Sunday, 8 September 2013

Scalability Strategies

I want to highlight some strategies that helps building scalable applications without much pain. I will try to shed some light on data decomposition, separated reader/writer and false sharing. These are principles affecting an application performance from top to down.

Data decomposition

Data decomposition is a top-down technique for breaking work into small tasks that can be parallelized. That strategy allows creating data chunks which can be processed in parallel. This strategy is generally applied in database systems, for example both Cassandra and MongoDB use that strategy to scale up.
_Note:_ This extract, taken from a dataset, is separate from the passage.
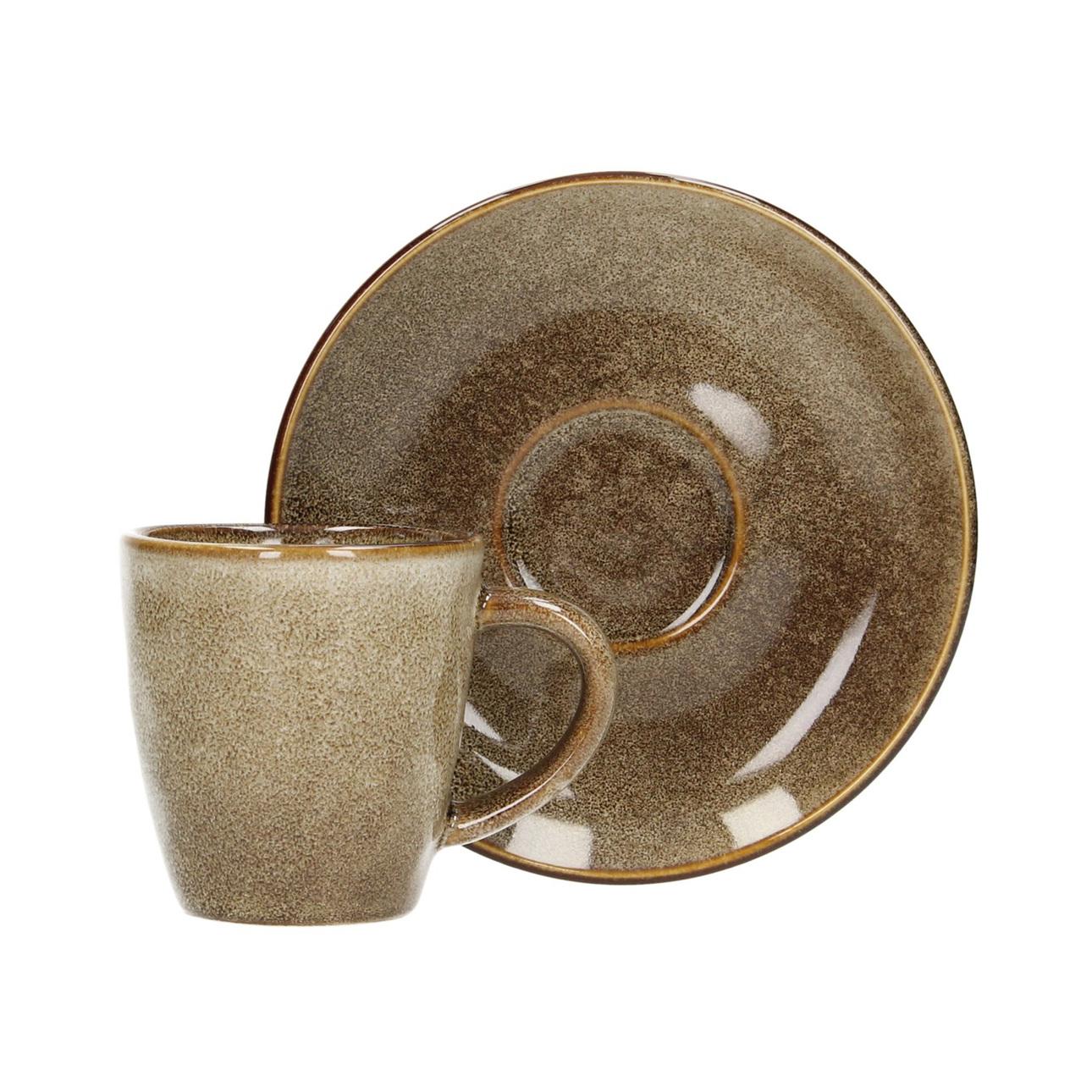 Keramická šálka s podšálkou v hnedej farbe.

Both databases have a partition strategy which calculates a hash value and then uses that value to locate a node in the cluster.
There are also real life examples showing that strategy works very well and not applying it causes lot of trouble.
For example, I use Tottenham Court Rd tube station for my daily commuting routine and observe how life can be painful when not following decomposition strategies. This station has a notorious access to northern line users, requiring them to go to Central line platform then pass to the opposite to access northern line, moreover passenger traffic on the platform is two ways which causes hundreds of people bumping to each other during peak hours, although they are interested in different routes.
Blocking platform entries

Single Writer

That strategy states using a single writer to change a state of a resource frequently used in an application, helping to eliminate memory contention which can be seen in today’s multi-core processors. Synchronizing data among different cores has big performance penalty because of bus traffic, cache coherency, locking cost and cache misses. With single writer, a cpu can utilize modern cpu advancements, knowing that there is no other writers, it doesn't need to force a sync with RAM and can optimize L1 cache usage. Moreover with single writer there is not a lock acquire/release stage that happen with multi writers.
Synchronization
A single picture can explain single writer better than writing hundreds of lines. Let’s assume there are four baton runners which never gets tired and there is not a requirement to exchange the baton at the exchange point. Instead of having multiple runners, only one runner, never tiring, can carry the baton easily. In the second case, the runner doesn't need to pass the baton at the exchange point. We can draw an analogy between multiple runners and multiple threads, in both case there is a synchronization overhead and exchange. Similarly we can only have one thread modifying a shared resource so that it eliminates the synchronization work.

False Sharing

False sharing is notoriously known as the silent performance killer. It arise in parallel applications when two threads operate on an independent data in the same memory address region, stored on the same cache line. The cache coherency protocol may invalidate the whole cache line on each write, leading to memory stalls and occupying the bus or the interconnect.
Detecting this issue is quite a daunting task, and involves inspecting the memory layout of the classes and analysing the CPU cache lines. After identifying that the application indeed suffers from false sharing.
Let’s assume we have a message-id resource which is incremented every time when it is accessed by a single writer thread. With single writer principle, one can expect to have some performance improvements for message-id number generation as there is not any lock release/acquire steps, which would have happen between multiple threads.
However modern processors  have multiple cores that include cache lines, these cache lines generally store 64 bytes, therefore a CPU can align a number of variables into the same cache line regardless of their frequency access. Each time a cache line is updated, it has to be invalided, flushed to the RAM and then synced with other core’s cache lines.
Unfortunately there isn't any native way to avoid sharing a cache line with other variables up to JDK7, this issue has been fixed in JDK8 with the @Contented annotation.
However there are still ways to ensure that a variable is not shared with other variables in the same cache line, one of them is to make the shared variable big enough to occupy whole cache line so that another variable cannot fit into it. That’s generally achieved by creating an array of 64byte size, which is a 8-size long array in Java, then the shared variable is stored in one of the array position.
Unordered items
Cache line alignment
Here is a fruit basket containing mixture of fruits, imagine how easy to load/unload just apples amongst them compared to load/unload a rack having each fruit in a different rack?
This is like variables sharing the same cache line. The more we have control how data is decomposed, the easier to improve application performance.